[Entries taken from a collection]
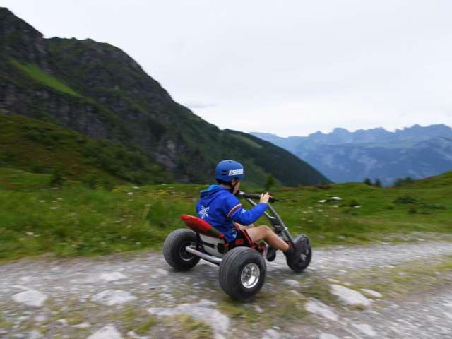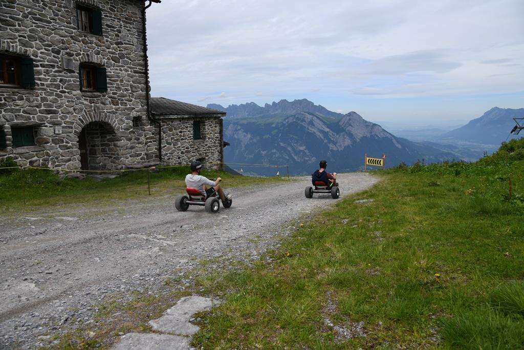 Die Mountaincarts am Pizol bieten ein aufregendes Fahrerlebnis auf einer 2200 m langen Strecke zwischen Gaffia und Furt. Die Carts sind stabil und werden durch Schwerkraft angetrieben, was ein sicheres und individuelles Tempo ermöglicht.
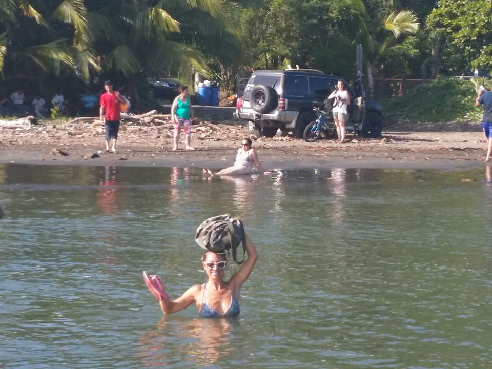 Il mio ragazzo Andrea prepara subito la tavola e io mi metto il costume; per arrivare a Playa Estero dobbiamo guadare un piccolo fiume, in questo momento c’è bassa marea, l’acqua mi arriva quindi alle caviglie ma mi ritroverò nei prossimi giorni con l’acqua alla gola!
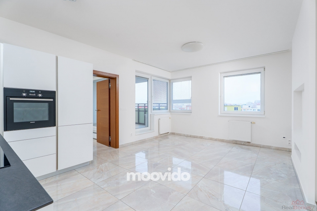 Nabízíme k prodeji moderní byt 3+kk s velkou zastřešenou lodžií v 9. patře novostavby z r. 2014. Jedná se o bytovou jednotku, která se skládá celkem z 3 pokojů, z nichž nejmenší je umístěn za ložnicí a může sloužit buď jako prostorná šatna nebo jako pracovna, příp. menší dětský pokoj (má vlastní velké okno). Z obou větších pokojů je přístup na prostornou lodžii, která může v letních měsících sloužit jako další obytný prostor. Byt je vybaven kuchyňskou linkou Hanák (spotřebiče Siemens a Franke), koupelna i ostatní interiérové prvky bytu jsou v nadstandardním provedení. V celém bytě je na podlaze velkoformátová dlažba. Samozřejmostí jsou bezpečnostní vstupní dveře. Možno dokoupit garážové stání.
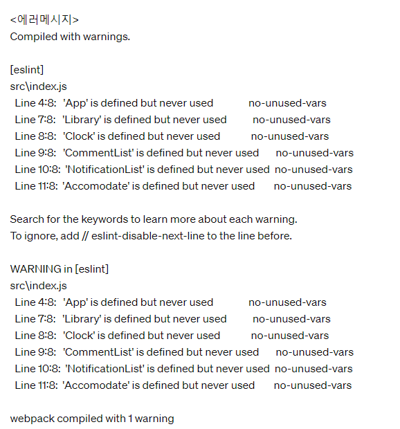 이런 에러였는데, 사용하지 않는 줄에 대해서 쓸데없으니 없애라는 것 같았다.
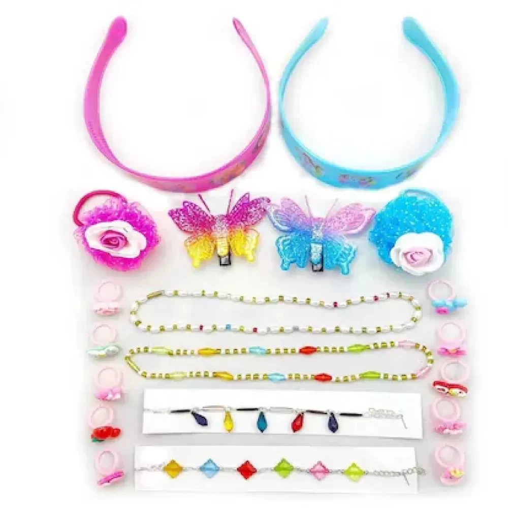 The set comes in a durable plastic box. The set comprises of 10 pcs of cartoon designed or floral designs or different shapes like fruits, insects which are popular among the kids, 2 pcs of bracelets, 2 pcs of necklaces, 2 printed thick hair bands, 2 butterflies and 2 flower rubber bands. All things are the most popular and favorites of the kids. Kids demand such things like rings in day to day routine to play along. The set is a mix of soothing pastel and bright colors to make it a favorite and the only choice of kids to own for them.
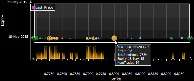 | Как пользоваться графической информацией, представленной ниже? На графиках в виде кругов, размер которых зависит от объема, представлены страйки опционов (по оси Х), сроком истечения которых наступает в указанную дату (ось Y). В целях наглядности графически обозначены лишь те опционные контракты, объем которых выше 20 млн. Голубой цвет — Call. Зеленый цвет — Put. Желтый цвет — Mixed C/P. Источник данных: Депозитарная Трастовая и Клиринговая Корпорация (DTCC). Просьба свои замечания и пожелания относительно формата и содержания предоставляемой на сайте аналитической информации направлять по адресу: analytics@forexpf.ru |
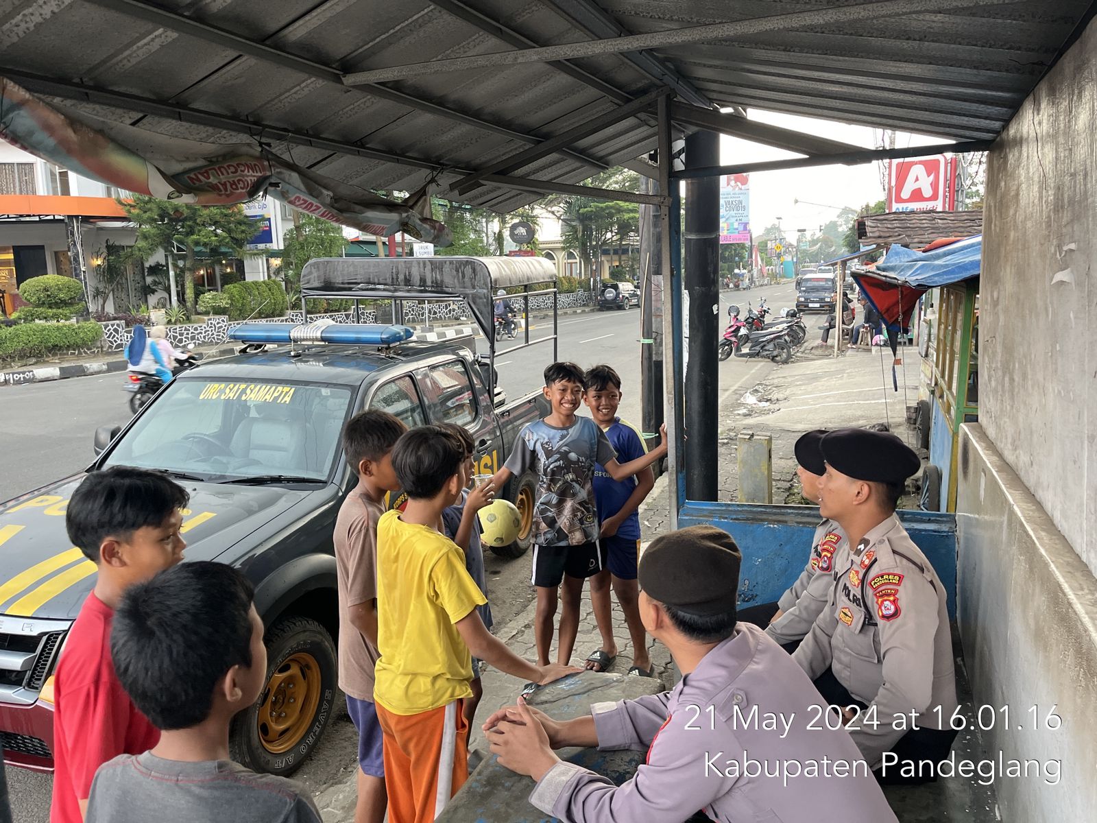 Selama patroli, terlihat unit patroli Sat Samapta di sambangi oleh beberapa anak-anak. Personil Sat Samapta dengan sigap memberikan edukasi dan pesan Kamtibmas kepada anak-anak tersebut. Mereka mengingatkan pentingnya mengutamakan keselamatan di mana pun berada dan menekankan agar anak-anak tidak bermain di dekat jalan raya karena berbahaya.
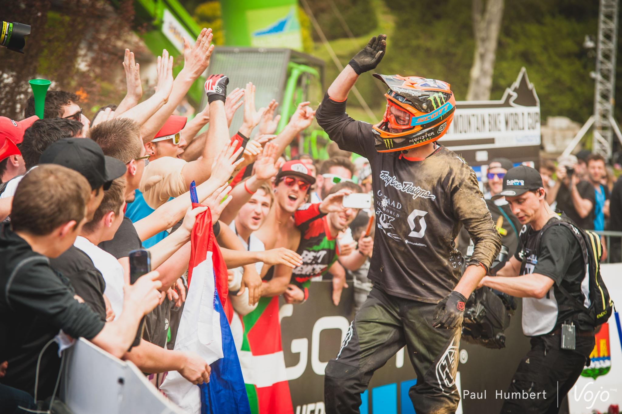 sans titre-3-3Patrice s’arrête un instant pour insister sur un point : « Nous ne sommes rien sans nos 150 bénévoles. Ils travaillent ou font leurs études la semaine et ils se lèvent tôt le week-end pour travailler avec leurs pelles et leurs pioches. Il se font plaisir et ils travaillent mieux ici que dans leurs boulots respectifs ! » Pour Patrice, l’exemple à suivre, c’est la coupe du Monde de Fort William. Dans les prochaines années, les signaleurs présents le long de la piste suivront des stages afin de pouvoir réagir dans toutes les circonstances : « Nous ne prenons pas n’importe qui comme Marschall, il y en a 30 dont 4 chefs et ils sont tous de vrais VTTistes. » Cette année, un partenariat a été conclu avec la marque Commençal qui équipera les bénévoles. Toute ce groupe, « c’est une belle famille ».

— Problem description —
Give again, exactly, the lines starting at the first entry above and ending at the line with "이런 에러였는데, 사용하지 않는 줄에 대해서 쓸데없으니 없애라는 것 같았다."; please leave pictures out.

— Expected output —
 Die Mountaincarts am Pizol bieten ein aufregendes Fahrerlebnis auf einer 2200 m langen Strecke zwischen Gaffia und Furt. Die Carts sind stabil und werden durch Schwerkraft angetrieben, was ein sicheres und individuelles Tempo ermöglicht.
 Il mio ragazzo Andrea prepara subito la tavola e io mi metto il costume; per arrivare a Playa Estero dobbiamo guadare un piccolo fiume, in questo momento c’è bassa marea, l’acqua mi arriva quindi alle caviglie ma mi ritroverò nei prossimi giorni con l’acqua alla gola!
 Nabízíme k prodeji moderní byt 3+kk s velkou zastřešenou lodžií v 9. patře novostavby z r. 2014. Jedná se o bytovou jednotku, která se skládá celkem z 3 pokojů, z nichž nejmenší je umístěn za ložnicí a může sloužit buď jako prostorná šatna nebo jako pracovna, příp. menší dětský pokoj (má vlastní velké okno). Z obou větších pokojů je přístup na prostornou lodžii, která může v letních měsících sloužit jako další obytný prostor. Byt je vybaven kuchyňskou linkou Hanák (spotřebiče Siemens a Franke), koupelna i ostatní interiérové prvky bytu jsou v nadstandardním provedení. V celém bytě je na podlaze velkoformátová dlažba. Samozřejmostí jsou bezpečnostní vstupní dveře. Možno dokoupit garážové stání.
 이런 에러였는데, 사용하지 않는 줄에 대해서 쓸데없으니 없애라는 것 같았다.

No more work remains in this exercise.